How to split a list into sublists based on a separator, similar to str.split()?

Question

Given a list like:

[a, SEP, b, c, SEP, SEP, d]

how do I split it into a list of sublists:

[[a], [b, c], [], [d]]

Effectively I need an equivalent of str.split() for lists. I can hack together something, but I can't seem to be able to come up with anything neat and/or pythonic.

I get the input from an iterator, so a generator working on that is acceptable as well.

More examples:

[a, SEP, SEP, SEP] -> [[a], [], [], []]

[a, b, c] -> [[a, b, c]]

[SEP] -> [[], []]

Huh, wonder how I failed to find the dupe question. But yeah, I want the empty lists too. — Jani, Jan 25 '19 at 20:29
then you should have an empty list at each `sep`? Or only when `sep` occurs twice in a row? what if `sep` occurs 6 times in a row? could you clarify? — d_kennetz, Jan 25 '19 at 20:31
I want it to work exactly like `str.split()`, but for lists. Which means sep gets removed, consecutive seps lead to consecutive empty lists in between. (And it doesn't seem trivial to me to get `itertools.groupby` to do this, IMHO, making this distinct enough not to be a dupe.) — Jani, Jan 25 '19 at 20:36
@Jean-FrançoisFabre based on the updated examples, I agree with OP that this is not a dupe. I don't know if there's a simple `itertools.groupby` solution here. — pault, Jan 25 '19 at 22:06

wim · Accepted Answer · 2020-09-23T21:59:37.083

15

A simple generator will work for all of the cases in your question:

def split(sequence, sep):
    chunk = []
    for val in sequence:
        if val == sep:
            yield chunk
            chunk = []
        else:
            chunk.append(val)
    yield chunk

edited Sep 23 '20 at 21:59

answered Jan 25 '19 at 22:27

wim

338,267
99
616
750

2

This is brilliant. – pault Jan 25 '19 at 22:31
2

Beautiful, simple, easy to understand, pythonic, something I *knew* was possible, but I was unable to come up with myself.
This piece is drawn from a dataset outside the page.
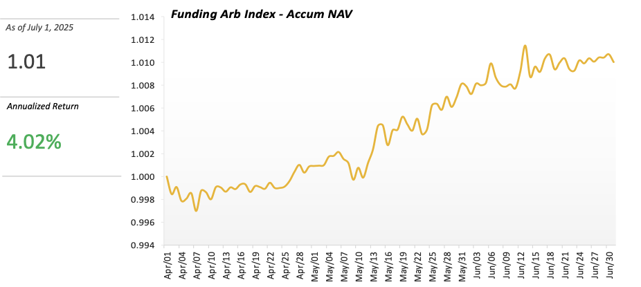 We have retrieved the assets of multiple crypto trading teams to the same starting point (April 1st at UTC 0) utilizing a historical retrieving mechanism, calculating the accumulated NAV for each team using the TWR (Time-Weighted Return) measure, and then taking the arithmetic mean to derive an index benchmark that represents the market’s Funding Arbitrage.

Seems to work as I expect. Thanks! – Jani Jan 26 '19 at 12:37

score 2 · Answer 2 · answered Jan 25 '19 at 22:33

2

My first ever Python program :)

from pprint import pprint
my_array = ["a", "SEP", "SEP", "SEP"]
my_temp = []
my_final = []
for item in my_array:
  if item != "SEP":
    my_temp.append(item)
  else:
    my_final.append(my_temp);
    my_temp = []
pprint(my_final);

answered Jan 25 '19 at 22:33

Matthew Page

746
5
15

This seems to have the same elements as in the answer I accepted. It's the genericity and use of generator expression that tipped the scales to the other one. Thanks. – Jani Jan 26 '19 at 12:42
Good call , I gave that one an up vote as well, neat code – Matthew Page Jan 26 '19 at 12:44

score 0 · Answer 3 · answered Jan 25 '19 at 22:17

I am not sure if there's an easy itertools.groupby solution, but here is an iterative approach that should work:

def mySplit(iterable, sep):
    output = []
    sepcount = 0
    current_output = []
    for i, elem in enumerate(iterable):
        if elem != sep:
            sepcount = 0
            current_output.append(elem)
            if (i==(len(iterable)-1)):
                output.append(current_output)
        else:
            if current_output: 
                output.append(current_output)
                current_output = []

            sepcount+=1

            if (i==0) or (sepcount > 1):
                output.append([])
            if (i==(len(iterable)-1)):
                output.append([])

    return output

Testing on your examples:

testLists = [
    ['a', 'SEP', 'b', 'c', 'SEP', 'SEP', 'd'],
    ["a", "SEP", "SEP", "SEP"],
    ["SEP"],
    ["a", "b", "c"]
]

for tl in testLists:
    print(mySplit(tl, sep="SEP"))
#[['a'], ['b', 'c'], [], ['d']]
#[['a'], [], [], []]
#[[], []]
#[['a', 'b', 'c']]

This is analogous to the result you would get if examples were actually strings and you used str.split(sep):

for tl in testLists:
    print("".join(tl).split("SEP"))
#['a', 'bc', '', 'd']
#['a', '', '', '']
#['', '']
#['abc']

By the way, if the elements in your lists were always guaranteed to be strings, you could simply do:

for tl in testLists:
    print([list(x) for x in "".join(tl).split("SEP")])
#[['a'], ['b', 'c'], [], ['d']]
#[['a'], [], [], []]
#[[], []]
#[['a', 'b', 'c']]

But the mySplit() function is more general.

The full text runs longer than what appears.